- _PROBLEM REQUIREMENTS_: Tally the lines of the entries below that hold the word "comes", and please give only the total.

- _PROVIDED MATERIAL_:
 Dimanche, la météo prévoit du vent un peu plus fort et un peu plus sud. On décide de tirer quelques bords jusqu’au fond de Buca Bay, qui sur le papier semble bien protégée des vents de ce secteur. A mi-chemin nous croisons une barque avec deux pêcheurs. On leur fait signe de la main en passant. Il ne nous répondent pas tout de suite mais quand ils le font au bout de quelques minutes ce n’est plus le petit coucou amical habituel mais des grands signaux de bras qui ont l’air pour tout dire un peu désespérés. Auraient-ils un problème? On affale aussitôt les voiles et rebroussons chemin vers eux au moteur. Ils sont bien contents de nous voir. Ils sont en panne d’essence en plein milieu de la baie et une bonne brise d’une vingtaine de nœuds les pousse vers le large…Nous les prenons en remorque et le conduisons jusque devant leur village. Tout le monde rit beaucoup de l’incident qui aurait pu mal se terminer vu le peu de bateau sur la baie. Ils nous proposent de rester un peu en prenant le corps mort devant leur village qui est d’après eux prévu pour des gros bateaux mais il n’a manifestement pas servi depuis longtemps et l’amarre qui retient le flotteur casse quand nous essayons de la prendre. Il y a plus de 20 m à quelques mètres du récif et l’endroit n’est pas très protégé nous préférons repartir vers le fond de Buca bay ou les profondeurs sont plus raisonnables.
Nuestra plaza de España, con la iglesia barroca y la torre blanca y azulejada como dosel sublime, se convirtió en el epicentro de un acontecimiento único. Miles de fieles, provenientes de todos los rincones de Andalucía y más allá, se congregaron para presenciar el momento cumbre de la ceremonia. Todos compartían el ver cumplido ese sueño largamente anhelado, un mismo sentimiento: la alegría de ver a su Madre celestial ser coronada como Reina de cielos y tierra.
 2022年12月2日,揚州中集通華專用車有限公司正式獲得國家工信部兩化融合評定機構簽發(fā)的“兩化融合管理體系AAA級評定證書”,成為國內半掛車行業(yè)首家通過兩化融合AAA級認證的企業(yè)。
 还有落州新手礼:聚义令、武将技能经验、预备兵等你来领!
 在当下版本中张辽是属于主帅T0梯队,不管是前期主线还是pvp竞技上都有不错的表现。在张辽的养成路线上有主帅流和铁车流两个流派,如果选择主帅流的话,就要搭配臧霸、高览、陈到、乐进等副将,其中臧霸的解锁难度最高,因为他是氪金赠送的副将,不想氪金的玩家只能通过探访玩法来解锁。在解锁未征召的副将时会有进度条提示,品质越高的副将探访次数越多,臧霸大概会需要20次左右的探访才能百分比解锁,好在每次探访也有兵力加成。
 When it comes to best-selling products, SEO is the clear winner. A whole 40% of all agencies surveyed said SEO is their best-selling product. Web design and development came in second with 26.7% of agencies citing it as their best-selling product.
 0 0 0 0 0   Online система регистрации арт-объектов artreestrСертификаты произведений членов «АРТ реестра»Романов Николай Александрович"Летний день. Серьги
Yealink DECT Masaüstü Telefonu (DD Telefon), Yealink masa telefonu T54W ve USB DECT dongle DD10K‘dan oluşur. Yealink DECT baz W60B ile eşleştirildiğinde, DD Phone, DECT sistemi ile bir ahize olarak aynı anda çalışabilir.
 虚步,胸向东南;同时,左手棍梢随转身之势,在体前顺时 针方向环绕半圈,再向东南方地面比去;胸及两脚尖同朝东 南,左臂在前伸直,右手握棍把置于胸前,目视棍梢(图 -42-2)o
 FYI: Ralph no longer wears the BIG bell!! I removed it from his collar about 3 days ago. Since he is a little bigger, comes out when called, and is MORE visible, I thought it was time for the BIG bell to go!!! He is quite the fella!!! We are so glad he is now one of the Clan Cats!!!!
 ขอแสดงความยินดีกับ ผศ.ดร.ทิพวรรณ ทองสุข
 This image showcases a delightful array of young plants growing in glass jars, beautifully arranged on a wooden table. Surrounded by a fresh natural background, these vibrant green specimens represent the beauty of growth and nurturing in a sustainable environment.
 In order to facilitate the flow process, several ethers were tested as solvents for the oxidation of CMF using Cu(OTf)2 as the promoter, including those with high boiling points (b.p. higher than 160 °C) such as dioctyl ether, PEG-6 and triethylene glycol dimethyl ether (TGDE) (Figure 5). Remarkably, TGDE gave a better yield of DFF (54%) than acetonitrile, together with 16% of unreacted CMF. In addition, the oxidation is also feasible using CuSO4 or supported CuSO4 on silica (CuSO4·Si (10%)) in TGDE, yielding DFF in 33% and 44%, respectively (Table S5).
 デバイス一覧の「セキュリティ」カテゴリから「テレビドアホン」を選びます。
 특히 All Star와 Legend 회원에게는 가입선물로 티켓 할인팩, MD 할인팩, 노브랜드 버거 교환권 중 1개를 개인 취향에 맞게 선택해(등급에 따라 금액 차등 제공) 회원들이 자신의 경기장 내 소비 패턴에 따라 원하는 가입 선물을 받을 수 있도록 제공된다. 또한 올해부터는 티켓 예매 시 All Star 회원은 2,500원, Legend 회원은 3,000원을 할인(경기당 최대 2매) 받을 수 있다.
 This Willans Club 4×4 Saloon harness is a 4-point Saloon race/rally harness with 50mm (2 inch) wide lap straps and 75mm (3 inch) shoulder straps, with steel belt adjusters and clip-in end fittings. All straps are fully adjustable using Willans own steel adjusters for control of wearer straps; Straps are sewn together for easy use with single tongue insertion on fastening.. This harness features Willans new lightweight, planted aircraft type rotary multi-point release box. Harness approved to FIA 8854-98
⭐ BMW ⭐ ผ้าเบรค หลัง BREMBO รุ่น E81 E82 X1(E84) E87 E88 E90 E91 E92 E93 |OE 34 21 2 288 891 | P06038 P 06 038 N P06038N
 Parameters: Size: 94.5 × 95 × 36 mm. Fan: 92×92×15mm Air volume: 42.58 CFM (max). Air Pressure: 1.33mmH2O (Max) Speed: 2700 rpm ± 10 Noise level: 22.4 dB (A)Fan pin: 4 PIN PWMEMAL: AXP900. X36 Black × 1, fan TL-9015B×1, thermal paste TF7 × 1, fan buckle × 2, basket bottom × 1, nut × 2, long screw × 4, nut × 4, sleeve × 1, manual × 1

- _ANSWER TO THIS PROBLEM_: 2